Our results showed high accuracy of the models developed to classify seeds according to their germination capacity, and moderate performance for predicting seed vigor. The models developed using X-ray data achieved the highest precision, with an accuracy of 0.90 for germination and 0.68 for vigor prediction via the LDA and PLS-DA algorithms, respectively. The variables related to tissue density had the most contribution to seed quality classification. This fact reveals the direct relationship between physical characteristics of seeds (tissue integrity) and their physiological quality.
Differences in tissue densities in radiographic images are associated with morphological alterations and anatomical properties [6]. The relationship between tissue density parameters and seed germination was also reported for other species, indicating that X-ray imaging has great potential to be employed for seed quality classification [7,27,28]. Nevertheless, since X-ray images only show the physical state of an object, caution is necessary when using this technique, as seeds are living and complex organisms influenced by many factors [5]. Consequently, this relationship may not always be detected using only the X-ray technique [6].
The use of NIR spectroscopy methods combined with X-ray imaging can provide both seed chemical composition and physical integrity measurements [10,14,15,16,17]. The NIR spectra comprise bands of higher wavelengths arising from overlapping absorptions corresponding to chemistry bond combinations such as C-H, O-H, and N-H [3]. The spectral bands that had greater contribution to classify the germination capacity of U. brizantha seeds were 1221, 1902, 2029, 2037, 2045, 2230, 2259, 2289, 2309, 2320, 2351 nm. The chemical compounds related to these wavelengths are amino acids, carbohydrates (cellulose, hemicellulose, pectic polysaccharides, pyranose compounds, starch, and sucrose) and nucleic acids [11,13,25,29,30]. Using the NIR data, the best algorithm to classify the seed germination capacity was PLS-DA, reaching an accuracy of 82%. In previous studies, the use of FT-NIR showed higher accuracy (90–100%) for seed viability classification using the PLS-DA algorithm [9,10,12]. However, it is important to mention that this is a pioneering study with the application of NIR for U. brizantha seed analysis. Therefore, further research is needed to elucidate the lower performance achieved, which may be related to the seed characteristics (e.g., presence of palea and lemma, greater amount of dead tissue—endosperm, and reduced embryo size).
The use and combination of different techniques have gradually increased in seed technology, especially for detecting seed viability [12,31,32,33,34,35]. Combinations based on merged data have shown the potential to increase reliability on seed classification when compared to the use of individual analytical techniques [3,19]. In the present study, we combined information from both FT-NIR and X-ray techniques into five machine learning models in order to find the best classifier. The model achieved an accuracy of 85% with the RF algorithm to predict the seed germination capacity. In total, 310 variables from FT-NIR, and 17 variables from X-ray imaging were used. Conversely, we did not have similar results for seed vigor prediction, where the models showed less accuracy (<62%).

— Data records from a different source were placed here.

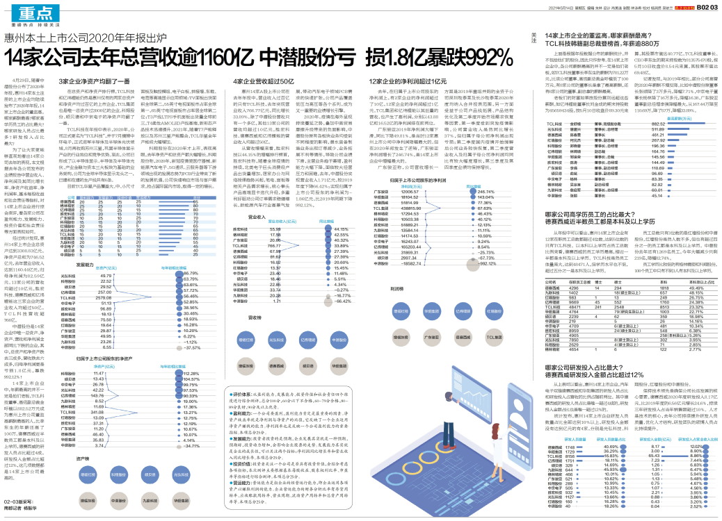 4月29日,随着中潜股份公布了2020年年报,惠州14家本土注册的上市企业均陆续发布了2020年年报,14家上市企业的董监高,哪家薪酬最高?哪家高学历员工的占比最大?哪家研发人员占比最多?研发投入
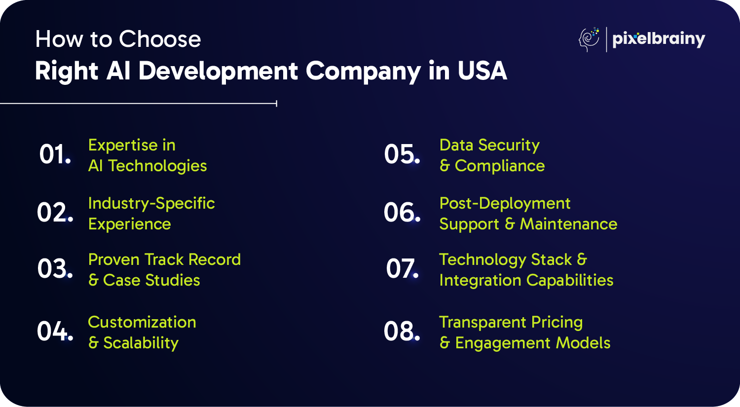 Evaluate their portfolio, domain experience, AI tech stack, and client reviews. Ensure they align with your project goals and provide strong post-deployment support.
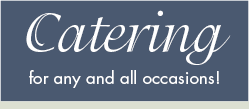 Whether you are planning a wedding, birthday, graduation, shower, or corporate event, we have menus available that will please all of your guests. If you have a more specific menu in mind, our staff will work with you to customize a menu to fit your needs. Contact us today to see how we can help make your next catered gathering a delight!
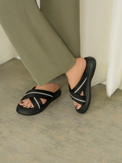 Enjoy effortless style and comfort with these open-toe cross over fabric designed casual slippers. Designed with a padded sole and a breathable fit, they’re an ideal choice for warm-weather days or indoor wear.
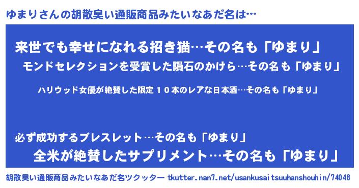 | ヘコむあだ名 | 『ゆまり(笑)』『ゆまっ子』 |

The lower accuracy of the models developed for seed vigor classification may be associated with the complexity of seed behavior, which is also influenced by environmental conditions [1]. For instance, our model distinguished class 2 (rapid germination) from class 1 (non-germinated seeds), but not from class 3 (slow germination) (Figure 2a). Interestingly, seeds with soft mechanical damages in the embryonic axis (Figure 2b) were not identified by the model as non-germinated seeds (class 1); instead, they were erroneously classified as class 2 or 3.
We selected three seeds of each class and presented their spectra and 3D projection of X-ray images based on grayscale to simplify the relationship between the methods tested in this paper. We observed differences among classes for absorbance values across the spectrum (Figure 2c) and grayscale values in the X-ray images (Figure 2d), which directly affected seed performance (Figure 2d).
Our findings showed that the model built with the X-ray dataset has higher accuracy for seed quality classification using the LDA algorithm. Additionally, when X-ray data were combined with FT-NIR data, the model also showed high performance. These results point out new perspectives to combine two sensors as a powerful tool for predicting seed quality, e.g., while FT-NIR can provide information on chemical composition, the X-ray images give information on the tissue integrity. However, despite this combination being an interesting approach, the results obtained with this work highlighted the X-ray technique as the most reasonable option to analyze the seeds, considering the high precision achieved in the models. Although our models are specific for U. brizantha seeds, the methodology proposed can be widely applied for other species. To the best of our knowledge, this is the first attempt to combine FT-NIR and X-ray imaging data to predict seed quality using machine learning models, and our findings can be a guide for the development of in-depth studies.
5. Conclusions
This study investigated the combination of FT-NIR spectroscopy and X-ray imaging to predict seed quality traits (germination and vigor). The proposed approach is sensitive to obtain information on the capacity of seeds to germinate (85% accuracy). On the other hand, it was not possible to reliably estimate the seed vigor (62% accuracy). The method can be an alternative to rapid, non-destructive, and accurate classification of seed quality by merging FT-NIR spectroscopy and X-ray imaging data. Regarding the application of the techniques individually, the X-ray approach was highlighted as the most viable option, as it does not need data preprocessing and deals with fewer variables than FT-NIR, resulting in less time and complexity for this analysis.
Author Contributions
Conceptualization, A.D.d.M. and L.J.d.S.; formal analysis, A.D.d.M. and J.T.F.R.; investigation, K.C.F. and J.P.O.R.; data curation, A.D.d.M. and J.P.O.R.; writing—original draft preparation, A.D.d.M.; writing—review and editing, C.B.d.S., A.A.S., and L.J.d.S.; project administration, L.J.d.S.; funding acquisition, C.B.d.S. All authors have read and agreed to the published version of the manuscript.
Funding
Fundação de Amparo à Pesquisa do Estado de São Paulo—FAPESP (Grant#2017/15220-7); Coordenação de Aperfeiçoamento de Pessoal de Nível Superior—CAPES (Finance Code 001).
Conflicts of Interest
The authors declare no conflict of interest.
References
- 1.Finch-Savage W.E.E., Bassel G.W.W. Seed vigour and crop establishment: Extending performance beyond adaptation. J. Exp. Bot. 2016;67:567–591. doi: 10.1093/jxb/erv490. [DOI] [PubMed] [Google Scholar]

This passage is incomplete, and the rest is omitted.